29. The Court takes note of the Attorney General’s argument that police officers P.H. and J.Sz. could not be questioned, either as witnesses, because of the risk of self-incrimination, or as suspects, in the absence of a well‑founded suspicion of a crime (see paragraph 20 above). However, the Court has already discarded this argument in several previous cases, finding that such practice had deprived the applicants of any opportunity to challenge the alleged perpetrators’ version of the events (see, mutatis mutandis, Kmetty v. Hungary, no. 57967/00, § 42, 16 December 2003, and also Nagy v. Hungary [Committee], no. 43441/15, § 36, 26 May 2020; Csúcs v. Hungary [Committee], no. 75260/17, § 30, 15 April 2021; and R.B. v. Hungary [Committee], no. 48444/18, § 15, 19 January 2023). A hearing of the police officers in person and their eventual confrontation with the applicant could have contributed to the clarification of the events (see Kmetty, cited above, §§ 41‑42, and Borbála Kiss v. Hungary, no. 59214/11, § 37, 26 June 2012), because there existed several unresolved contradictions between the testimonies of the applicant and those of police officer J.Sz. and the other police officers as to the circumstances of the applicant’s apprehension. Police officer P.T. stated that it had been police officer J.Sz. who had apprehended the applicant (see paragraph 16 above). In contrast, J.Sz. himself stated that his colleagues, P.T. and Z.K., had apprehended the applicant and that he had joined them later (see paragraph 11 above). The applicant stated that police officer P.H. had caught him, while police officer J.Sz. had joined them later (see paragraph 4 above). Furthermore, the testimonies of the police officers remained contradictory as to whether the applicant had fallen or had thrown himself on the ground in resistance (see paragraphs 9-13, and 15-16 above). However, no attempts were made by the investigating authority to resolve these contradictions and clarify the circumstances of the applicant’s apprehension and his transfer to the police car, and thus the cause of his injuries and, if caused by the police, the identity of the person responsible.
30. Furthermore, the Court notes that the medical expert appointed by the investigating authority was of the opinion that the applicant’s injuries might have been caused with equal probability by repeated falls and collisions with objects in the vicinity or as a result of the assaults alleged by the applicant. In contrast, the private medical expert found that the majority of the injuries were unlikely to have been sustained by falling. With respect to certain injuries, he even ruled out the possibility that they might have been caused by a fall.

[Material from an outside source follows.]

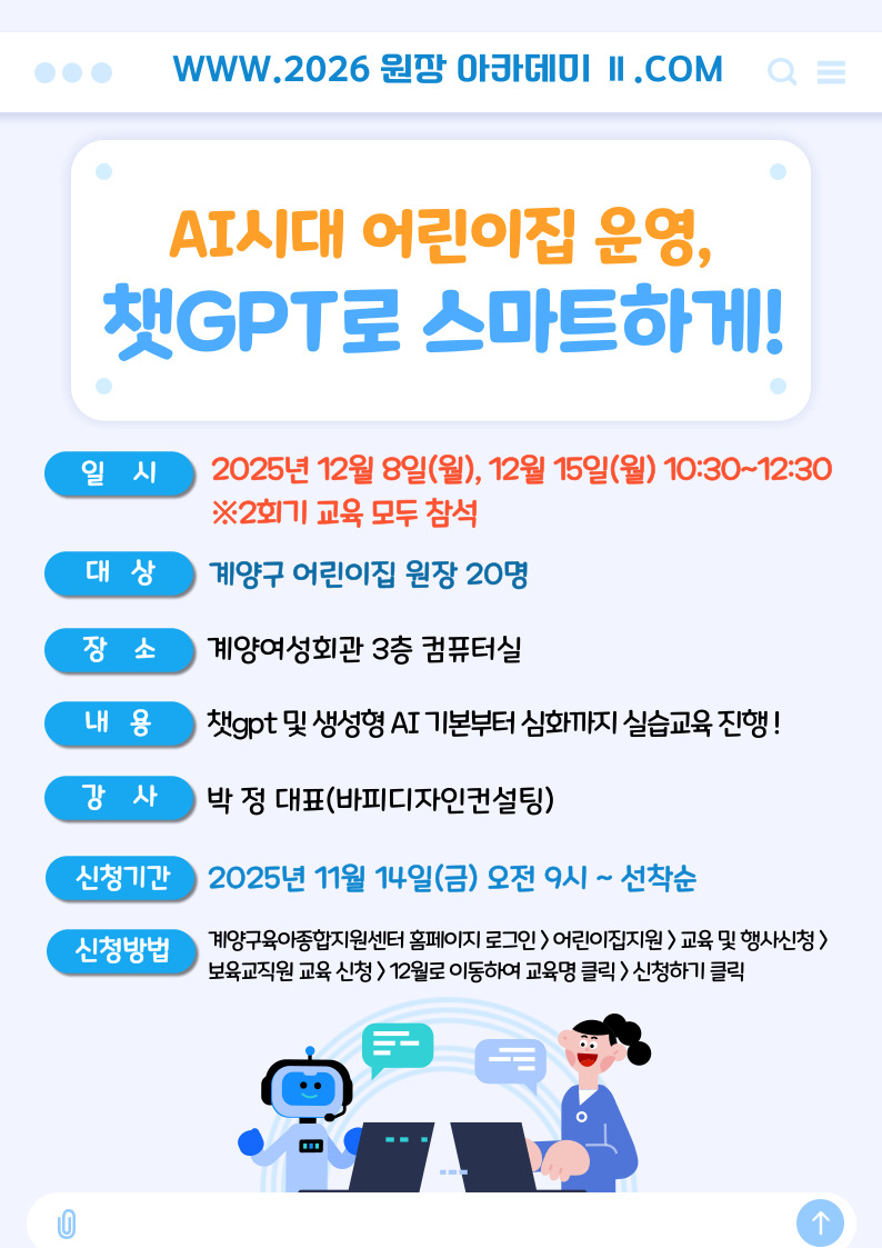 | 교육기간 | 2025-12-08(월) 10시30분 ~ 2025-12-15(월) 12시30분 | ||

Despite this, the investigating authority did not make any attempt to resolve the conflict between the medical expert opinions with regard to the cause of certain injuries by requesting the appointed medical expert to supplement his opinion in view of the private medical opinion or by requesting a second opinion.

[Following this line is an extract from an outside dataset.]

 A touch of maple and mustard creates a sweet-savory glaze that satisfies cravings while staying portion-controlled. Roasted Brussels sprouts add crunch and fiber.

31. Having regard to the considerations above, the Court concludes that the investigation into the applicant’s allegations of ill-treatment by the police was not adequate. There has accordingly been a violation of Article 3 of the Convention under its procedural limb.

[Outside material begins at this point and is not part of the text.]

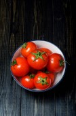 Zdjęcie "Płyta dojrzałych pomidorów na drewnianym tle planszy w studio" może być wykorzystywane do celów osobistych i komercyjnych zgodnie z warunkami zakupionej licencji Royalty-free. Obraz jest dostępny do pobrania w jakości wysokiej rozdzielczości do 5760x3840.

32. The applicant claimed 15,000 euros (EUR) in respect of non‑pecuniary damage and EUR 4,400 in respect of costs and expenses incurred before the Court. The latter sum corresponds to 22 hours of legal work, billed at EUR 200.
33. The Government contested these claims.
34. The Court awards the applicant EUR 5,500 in respect of non‑pecuniary damage, plus any tax that may be chargeable.
35. Having regard to the documents in its possession, the Court considers it reasonable to award EUR 3,500 covering costs for the proceedings before the Court, plus any tax that may be chargeable to the applicant.
Done in English, and notified in writing on 26 May 2026, pursuant to Rule 77 §§ 2 and 3 of the Rules of Court.